Fitting Inhibition Data
The process of using R with multiple independent variables (substrate and inhibitor concentration)
is very similar to performing the non-linear least squares fit described above. You will need to fit the
data to an appropriate algebraic model and you will need to estimate starting values for each variable
(Vmax, Km and Ki). You now have good initial guesses for the first two, and you try a few different
initial guesses for Ki to be sure you get consistent estimates with any given model.
Take a look at the Inhibited files I’ve created to see how I’ve organized the data.
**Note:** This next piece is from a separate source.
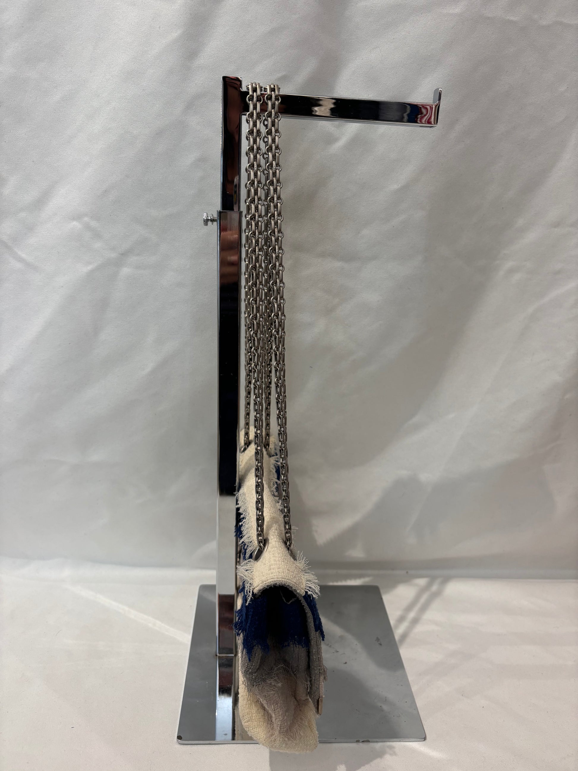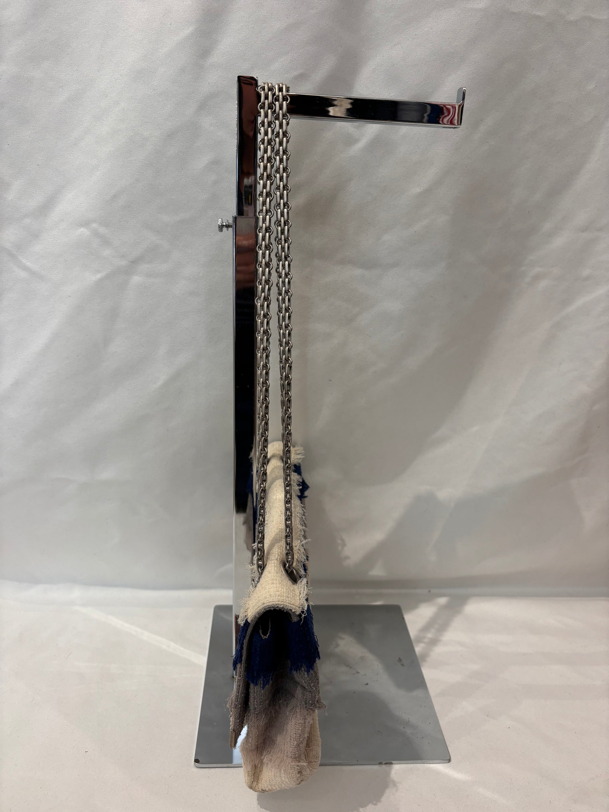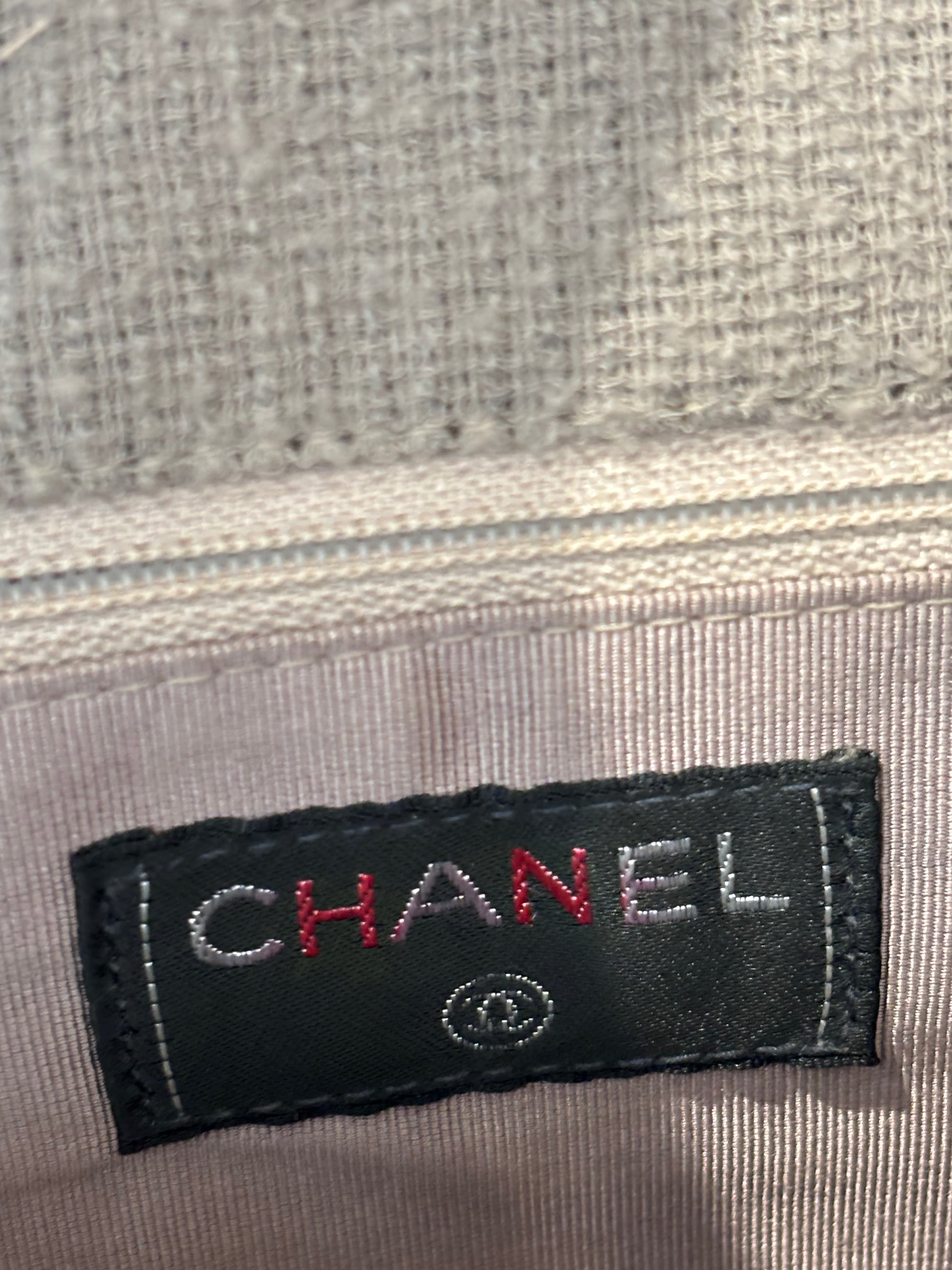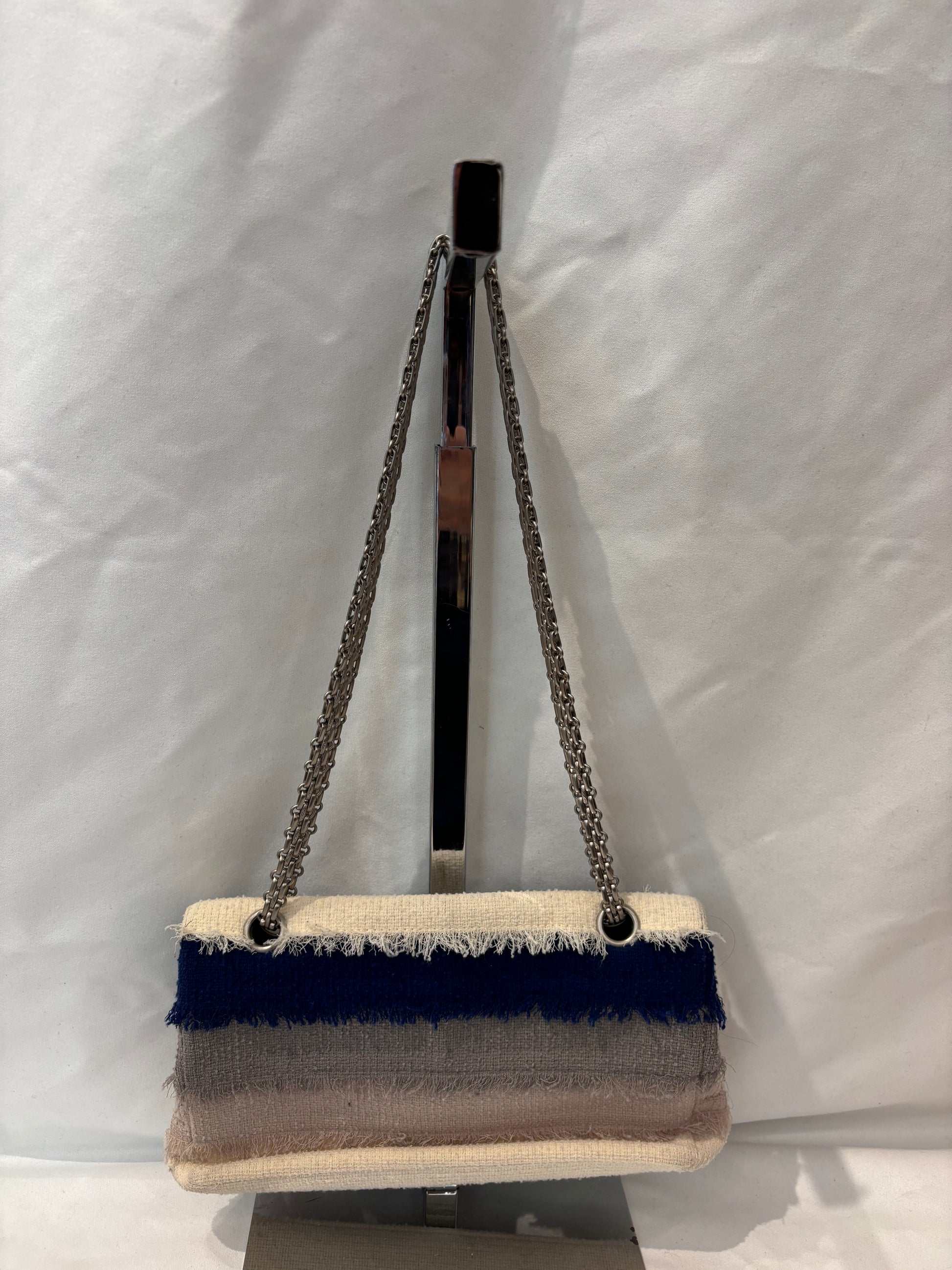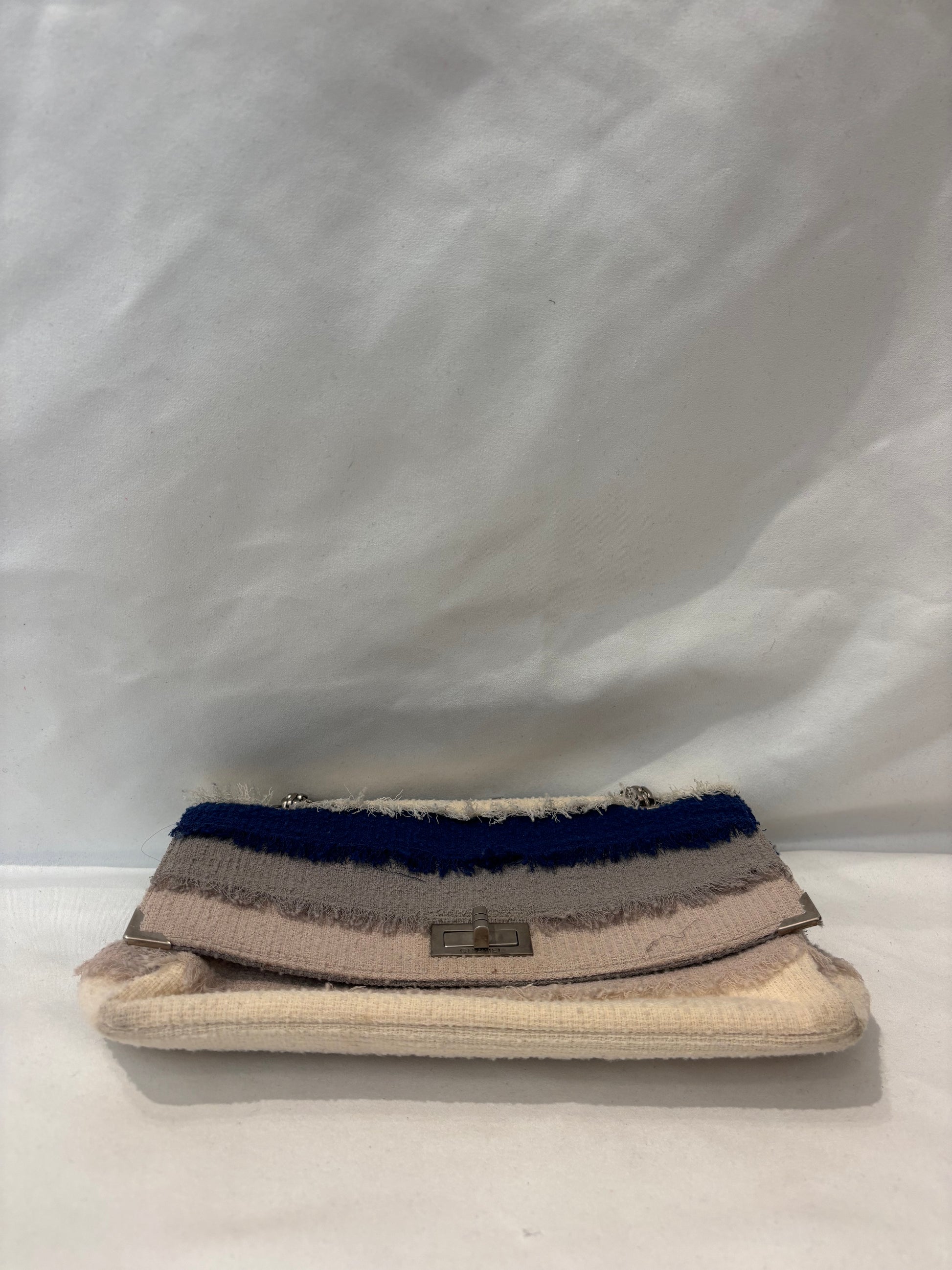 Chanel Cream/Beige/Grey/Navy Tweed Flap Bag with Ruthenium Hardware

When you load it
into R it’s the identical procedure as above, but you’ll need to identify a third variable by typing
something like:
i<-c(mydata=[“i”])
And when it comes time to test the model, here’s what you might type for competitive inhibition.
nlsfit <- nls(v~Vm*s/(s+(Km*(1+(i/Ki)))),data=mydata, start=list(Km=15, Vm=9,Ki=4))
To see the statistics, type summary(nlsfit):
Note the residual standard error. This is a measure of the deviation of the fit from the observed
data. The smaller the number, the better the fit (important in your report).